Friday, April 26, 2013

26/4/2013: Meanwhile, Patients Still Run the Euro Policy Asylum...

Headlines (via

  • Angela Merkel: "The European Central Bank would really have to increase the interest rates for Germany";
  • Angela Merkel also said that for other countries, the ECB would have to provide more liquidity for companies;
  • German economics minister Phillip Rosler issued a statement to confirm that the ECB was still an independent central bank;
  • ECB officials, meanwhile, played down expectations that a rate cut would have much of an effect;
  • Joerg Asmussen did not rule out an interest rate cut, but was playing down expectations. He said lower interest rates could work in ways not intended by the ECB, and added that they had virtually no effect in the periphery due to the broken transmission mechanisms;
  • Benoit Coeure as saying that the ECB had done what it can. It was now up to all the European institutions to find ways to solve the problem;
  • Wolfgang Schauble said Italy’s problems were a lack of reforms, and that it would be wrong to blame others for their own misfortune. "... in the eurozone everybody had to solve their own problems. And that is is what Italy needed to do as well. There was no point in asking Germany to take on more debt. Everybody had to run their government in a responsible way";
  • Schauble also said that it would be wrong for member states to depart from austerity path, saying the eurozone problems had nothing to do with strict budget rules, and that "somebody should tell Barroso that".
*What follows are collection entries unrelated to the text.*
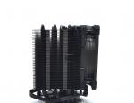 Globalement le ventirad est assez amusant à voir, il est exactement comme un ventirad habituel, mais en beaucoup plus compact. Ses lignes sont nettes et épurées, le noir est vraiment bien brillant et l’ensemble donne un look pro et sobre à la fois. Le NH-U9S est déjà équipé du ventilateur, celui-ci est bien sûr noir aussi et est maintenu avec les clips. Les pads antivibrations sont présents des deux côtés. On note tout de même que la vis de serrage sur NH-U9S sur le support de la carte mère se trouve sous le ventilateur, il faudra donc fatalement l’enlever pour la fixation et ensuite le remettre en place dans un espace réduit dû au format ITX. Les côtés droit et gauche sont identiques, les fines ailettes sont bien espacées et régulières et on peut voir les 5 caloducs placés de différentes façon afin de maximiser les échanges avec le flux d’air et la plaque de contact du CPU.
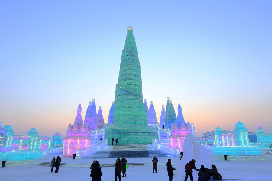 Los visitantes admiran el hermoso “Mundo del Hielo” de la ciudad de Harbin, provincia de Heilongjiang, 26 de diciembre del 2017. [Foto: IC]
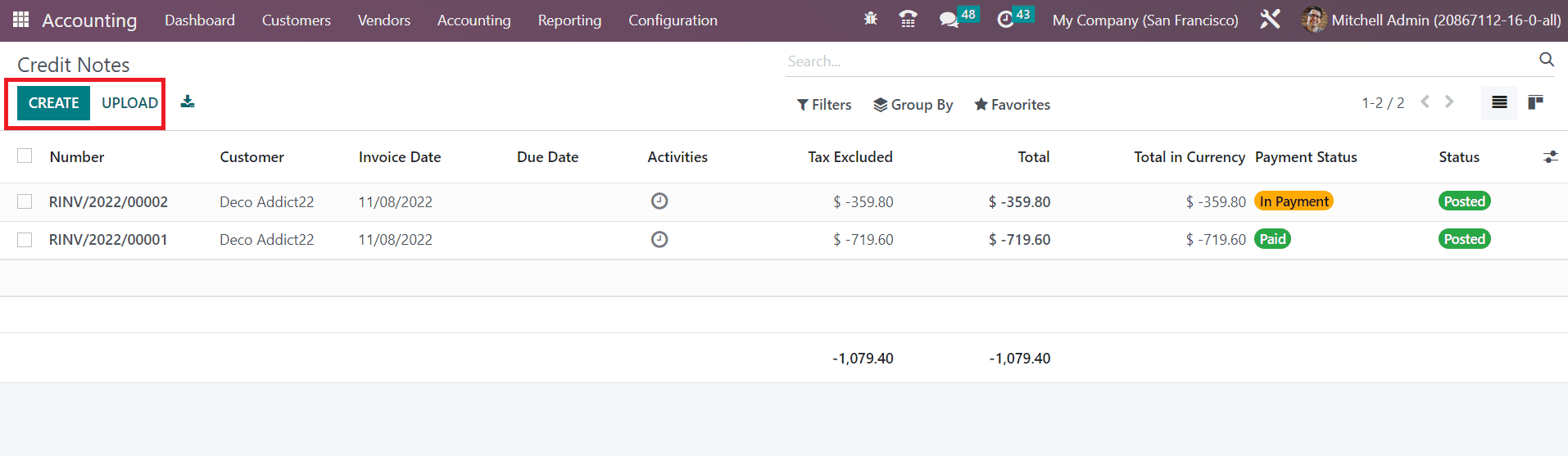 The view of this platform is the same as that of the Invoice platform. You can observe already generated credit notes here. The Upload button will be available to upload documents related to a credit note. For the manual creation of the Credit Note, you can click on the Create button
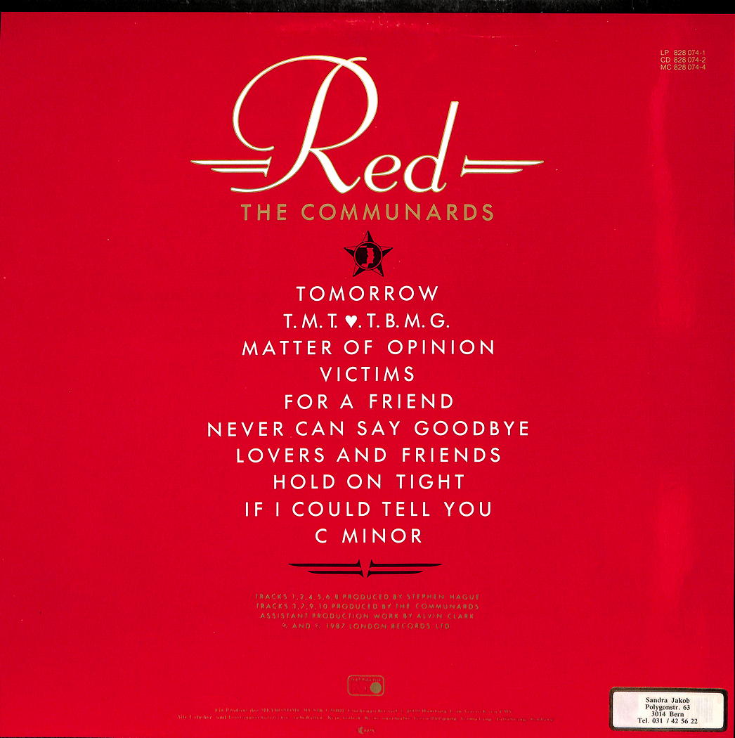 Producer – Stephen Hague (tracks: A1, A2, A4, A5, B1, B3), The Communards (tracks: A3, B2, B4, B5)

Conclusion: rest assured - the screw up known as "Euro area policy" will go on unabated no matter what JMBarosso & Co are saying.

ECB rate cut might come or it might not, but it will be minor (25bps) and one-off (with rates unchanged throughout the rest of the year) and it will do no difference whatsoever, other than fuel anti-inflationary rhetoric in pre-election Germany.

Fiscal policy will remain largely unchanged with some states (France, Italy, even Spain?) adopting an Irish-government approach to 'stimulus': find one-off non-tax, like pensions funds expropriation, to fund 'jobs creation programme', while leaving net fiscal adjustments intact. Which will, of course, amount to short-term reallocation of productive funds to unproductive GDP supports, with medium-term negative impact of tax increases and reduced confidence in economic institutions.